▶ **YOUR OBJECTIVE**
In your copy, repeat each record exactly and include no pictures.
(Beginning of DATA UNDER STUDY)
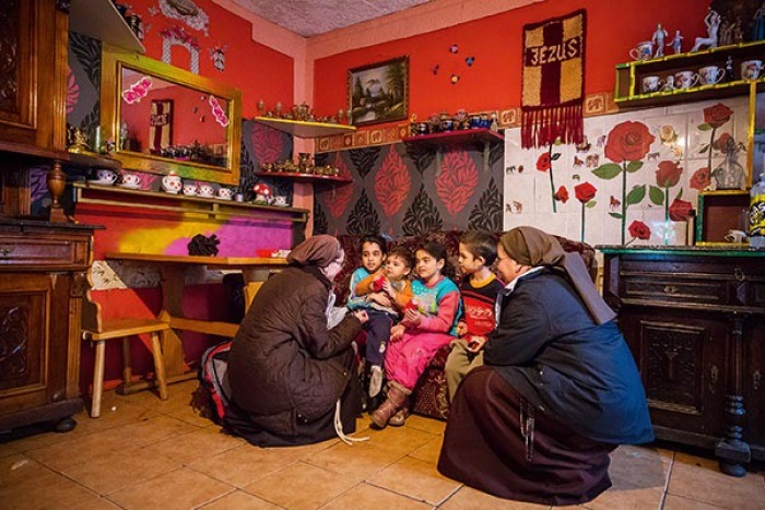 A „Jézus” feliratú fali szőttes alatt, az ágyon most öt gyerek szorong egymás mellett a Mikulás ajándékával, ami a nővérek „közvetítésével” érkezett az imént. A család kenyerével együtt. Adományként kapták a szerzetesek az egyik helyi üzlettől. Bőven akad helye, sóhajt Ágnes nővér.
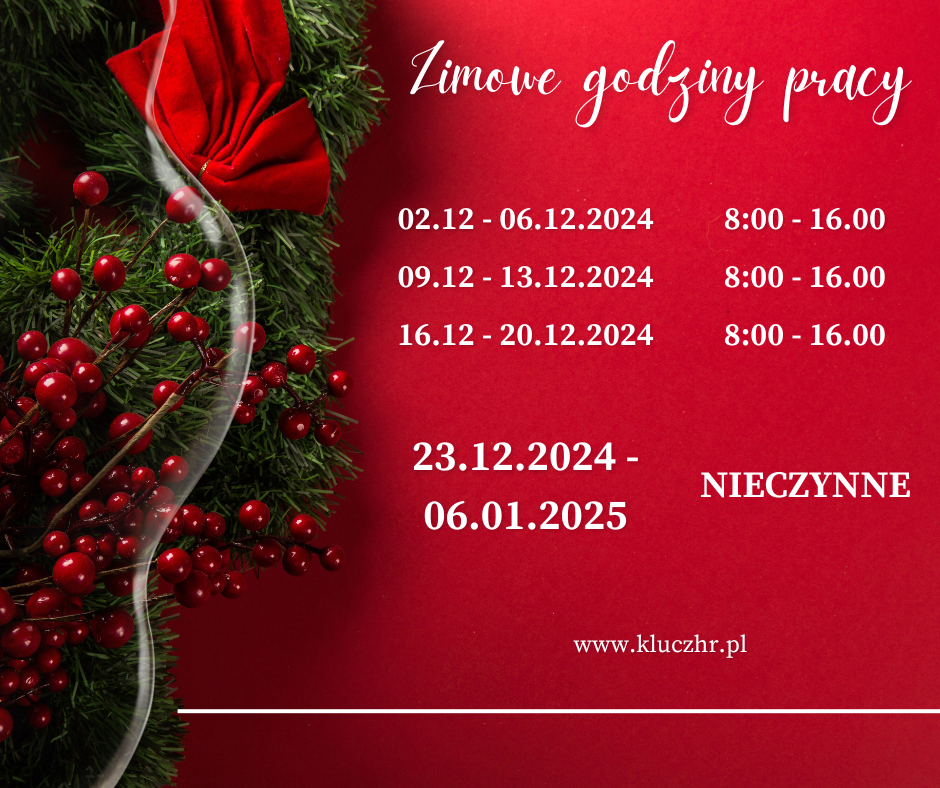 Informujemy, że w związku ze zbliżającym się okresem świąteczno-noworocznym biuro Lidera projektu w Olsztynie będzie nieczynne od 23 grudnia 2024 do 6 stycznia 2025.
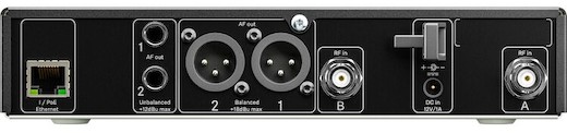 Fast, Easy, Dependable. The EM 2 receiver provides intuitive front panel controls along with two OLED screens perfect for displaying RF meters, transmitter battery levels, and audio output. The back panel features two balanced XLR outputs along with two unbalanced 1/4" outputs to connect directly to a PA system or mixing board. The EM 2 is a rackmount receiver, but hardware won’t be included with this rental.
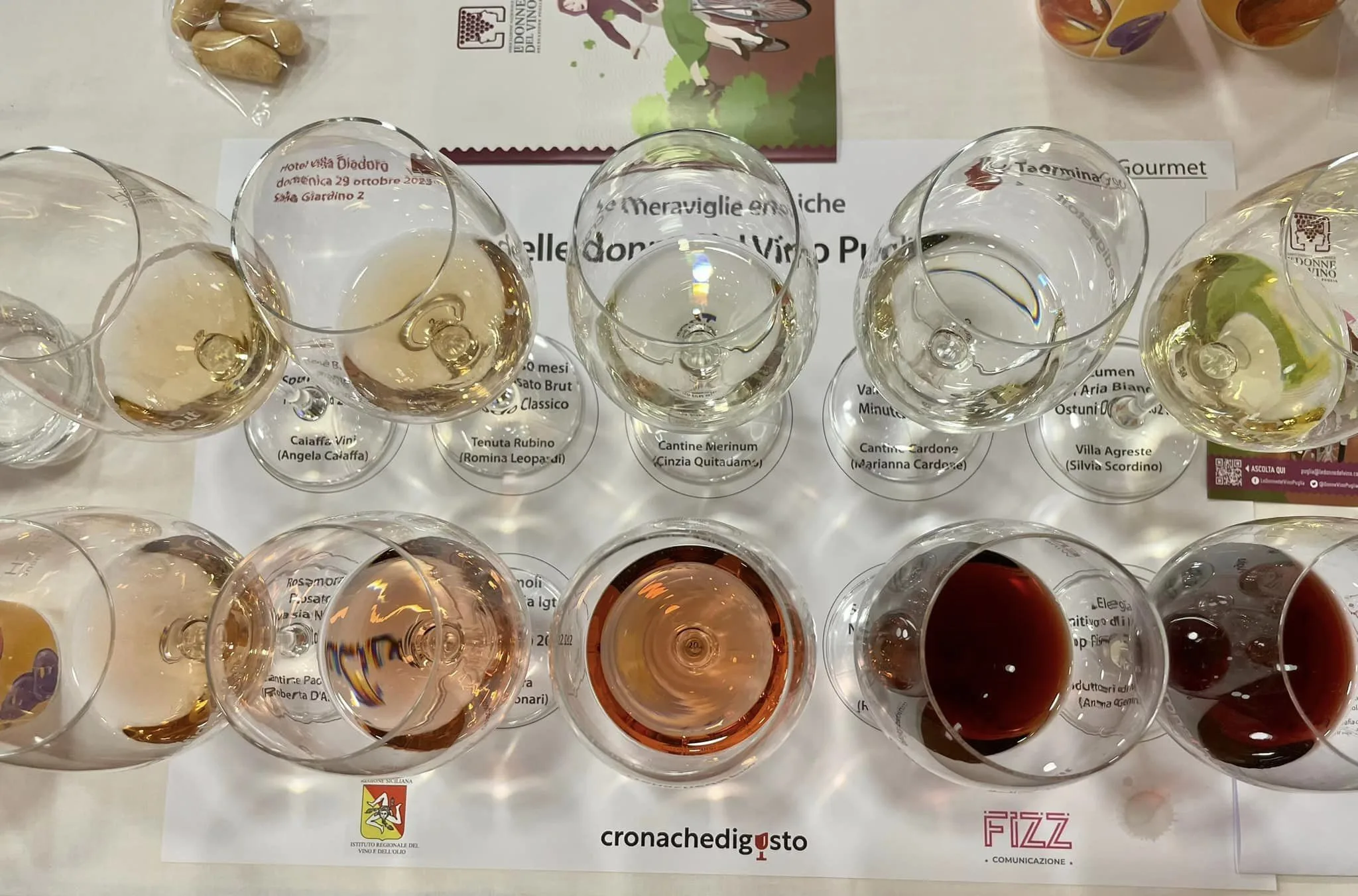 Degustazione Puglia, i bicchieri 4/11/2023 Torna a: Garantito Igp: i dieci volti della Puglia a Taormina Gourmet con le Donne del Vino I bicchieri della degustazione Puglia delle Donne del Vino← Precedente
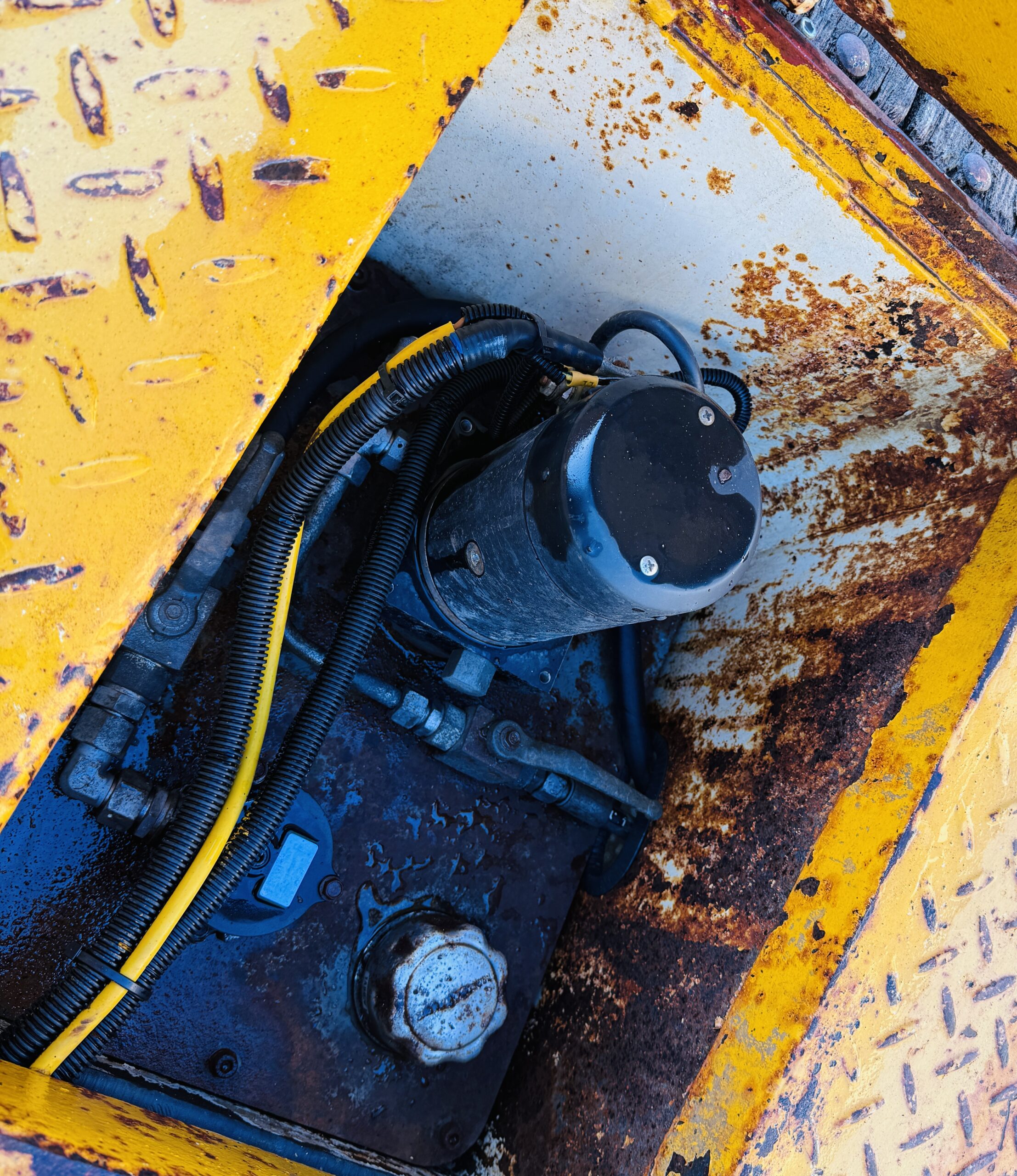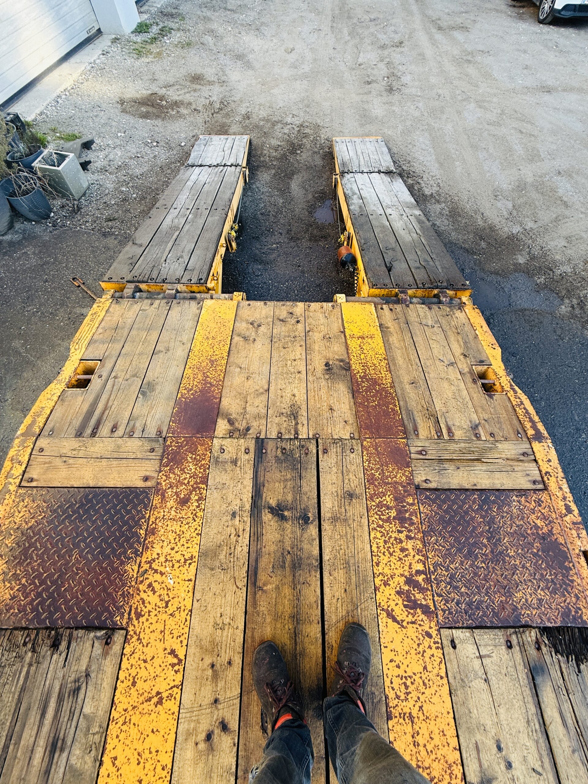 • Am Anhänger ist ein Hydraulik Aggregat verbaut zur elektischen Bedienung der Rampen (ebenfalls Batterien). Der Tieflader lässt sich ohne Zugfahrzeug öffnen und schließen.
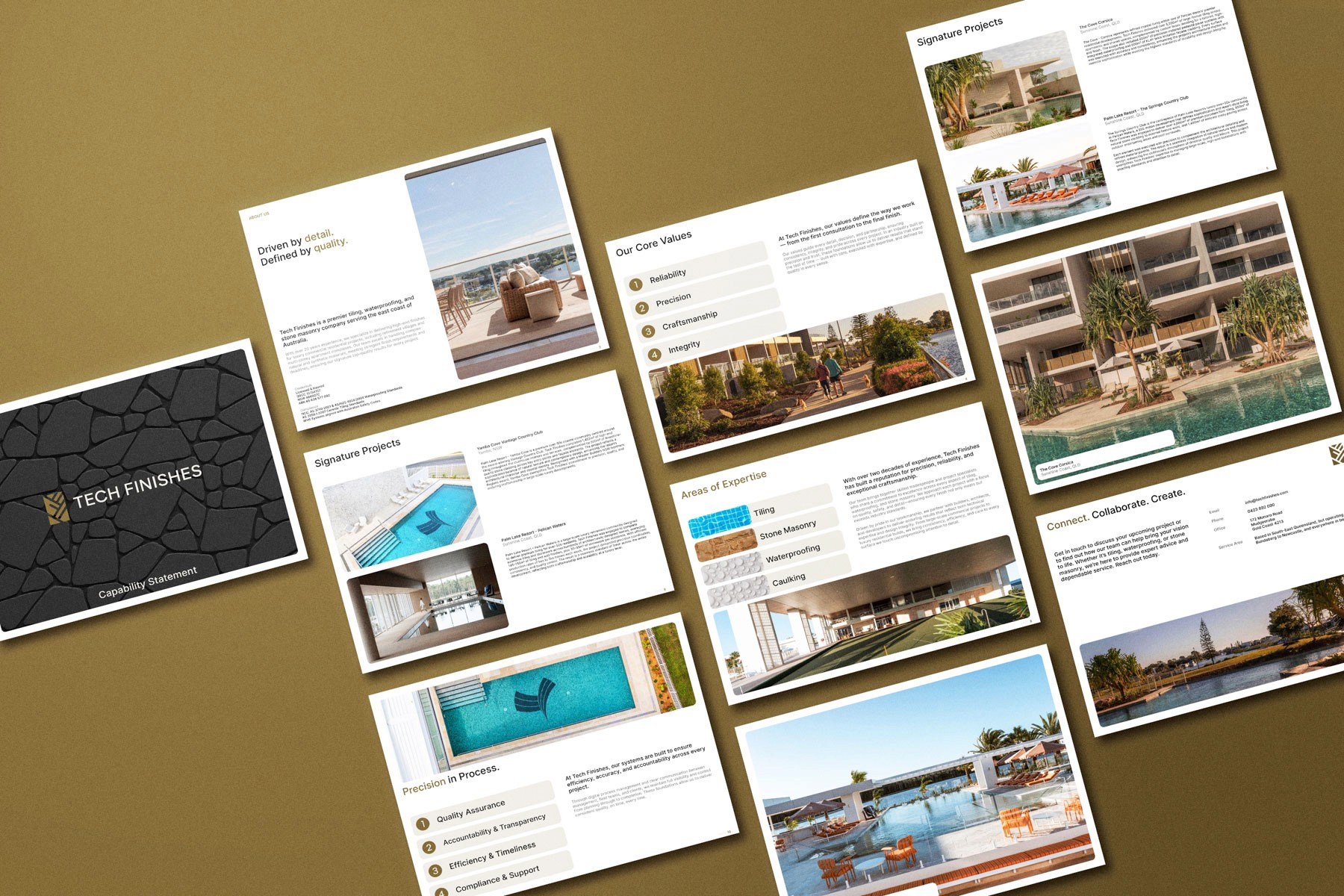 The updated identity refines the original brand into a sharper, more versatile system, allowing it to perform consistently across uniforms, signage, digital platforms, and marketing material. Alongside the visual refresh, we delivered a new website and a capability statement, designed to clearly communicate Tech Finishes’ expertise in high-end tiling, waterproofing and stone masonry projects.
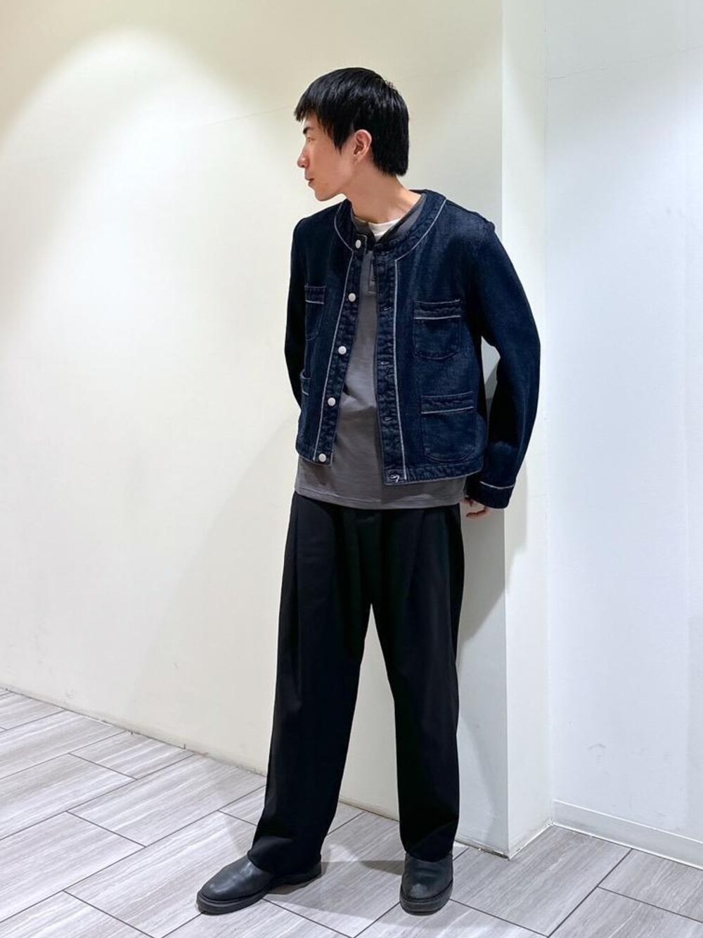 春はデニムが映えますね! こんにちは! 今回は春のスタイリング紹介です。 今年トレンドのデニム。 カラーレスジャケットデザインで、男らしい印象を残しつつ上品な雰囲気で着用できます。 カジュアルパンツはもちろん、スラックスとの相性◎
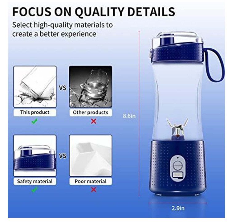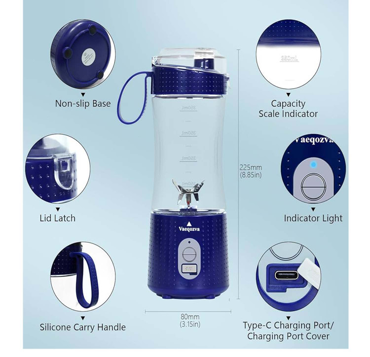 این مخلوطکن با وزن سبک و ابعاد جمعوجور، امکان حمل آسان را فراهم کرده است و برای استفاده در هر مکانی مناسب است.مخزن 500 میلیلیتری دستگاه، به شما اجازه میدهد تا نوشیدنی کافی برای یک یا دو نفر آماده کنید.تیغههای چهارگانه از جنس استیل ضدزنگ 304، عملکردی عالی در خرد کردن یخ، میوهها و سبزیجات دارند و نوشیدنیهایی با بافت نرم و یکنواخت ارائه میدهند.دستگاه دارای باتری لیتیومی با ظرفیت بالا است که با یک بار شارژ کامل، امکان تهیه چندین مرتبه نوشیدنی را فراهم میکند. (مدت زمان شارژ کامل: حدود 3 ساعت)بدنه دستگاه از پلاستیک ABS مقاوم ساخته شده است که علاوه بر دوام بالا، ظاهری زیبا و مدرن به دستگاه میدهد.طراحی درب ضدنشت، از نشت مایعات جلوگیری کرده و امکان حمل دستگاه را بدون نگرانی فراهم میکند.قطعات دستگاه بهراحتی از هم جدا میشوند و قابلیت شستوشوی آسان را برای شما فراهم میکنند.
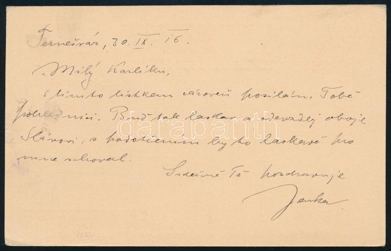 https://www.darabanth.com/en/517-Auction-philately-postcards-numismatics-artwork-books-collectibles-jewelry/522.0/Hungarian-philately-and-postal-history/Issues-between-1900-1919~32/1916-Hadisegely-felaras-dijjegyes-levelezolap-TEMESVAR-Bohmen-Hodobay-58~II3505119
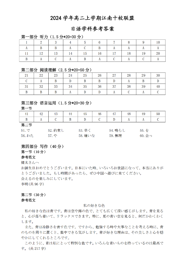 安徽省2024年”江南十校“高二年级12月阶段联考 日语答案.pdf
(End of DATA UNDER STUDY)
▶ **EXPECTED ANSWER**
 A „Jézus” feliratú fali szőttes alatt, az ágyon most öt gyerek szorong egymás mellett a Mikulás ajándékával, ami a nővérek „közvetítésével” érkezett az imént. A család kenyerével együtt. Adományként kapták a szerzetesek az egyik helyi üzlettől. Bőven akad helye, sóhajt Ágnes nővér.
 Informujemy, że w związku ze zbliżającym się okresem świąteczno-noworocznym biuro Lidera projektu w Olsztynie będzie nieczynne od 23 grudnia 2024 do 6 stycznia 2025.
 Fast, Easy, Dependable. The EM 2 receiver provides intuitive front panel controls along with two OLED screens perfect for displaying RF meters, transmitter battery levels, and audio output. The back panel features two balanced XLR outputs along with two unbalanced 1/4" outputs to connect directly to a PA system or mixing board. The EM 2 is a rackmount receiver, but hardware won’t be included with this rental.
 Degustazione Puglia, i bicchieri 4/11/2023 Torna a: Garantito Igp: i dieci volti della Puglia a Taormina Gourmet con le Donne del Vino I bicchieri della degustazione Puglia delle Donne del Vino← Precedente
 • Am Anhänger ist ein Hydraulik Aggregat verbaut zur elektischen Bedienung der Rampen (ebenfalls Batterien). Der Tieflader lässt sich ohne Zugfahrzeug öffnen und schließen.
 The updated identity refines the original brand into a sharper, more versatile system, allowing it to perform consistently across uniforms, signage, digital platforms, and marketing material. Alongside the visual refresh, we delivered a new website and a capability statement, designed to clearly communicate Tech Finishes’ expertise in high-end tiling, waterproofing and stone masonry projects.
 春はデニムが映えますね! こんにちは! 今回は春のスタイリング紹介です。 今年トレンドのデニム。 カラーレスジャケットデザインで、男らしい印象を残しつつ上品な雰囲気で着用できます。 カジュアルパンツはもちろん、スラックスとの相性◎
 این مخلوطکن با وزن سبک و ابعاد جمعوجور، امکان حمل آسان را فراهم کرده است و برای استفاده در هر مکانی مناسب است.مخزن 500 میلیلیتری دستگاه، به شما اجازه میدهد تا نوشیدنی کافی برای یک یا دو نفر آماده کنید.تیغههای چهارگانه از جنس استیل ضدزنگ 304، عملکردی عالی در خرد کردن یخ، میوهها و سبزیجات دارند و نوشیدنیهایی با بافت نرم و یکنواخت ارائه میدهند.دستگاه دارای باتری لیتیومی با ظرفیت بالا است که با یک بار شارژ کامل، امکان تهیه چندین مرتبه نوشیدنی را فراهم میکند. (مدت زمان شارژ کامل: حدود 3 ساعت)بدنه دستگاه از پلاستیک ABS مقاوم ساخته شده است که علاوه بر دوام بالا، ظاهری زیبا و مدرن به دستگاه میدهد.طراحی درب ضدنشت، از نشت مایعات جلوگیری کرده و امکان حمل دستگاه را بدون نگرانی فراهم میکند.قطعات دستگاه بهراحتی از هم جدا میشوند و قابلیت شستوشوی آسان را برای شما فراهم میکنند.
 https://www.darabanth.com/en/517-Auction-philately-postcards-numismatics-artwork-books-collectibles-jewelry/522.0/Hungarian-philately-and-postal-history/Issues-between-1900-1919~32/1916-Hadisegely-felaras-dijjegyes-levelezolap-TEMESVAR-Bohmen-Hodobay-58~II3505119
 安徽省2024年”江南十校“高二年级12月阶段联考 日语答案.pdf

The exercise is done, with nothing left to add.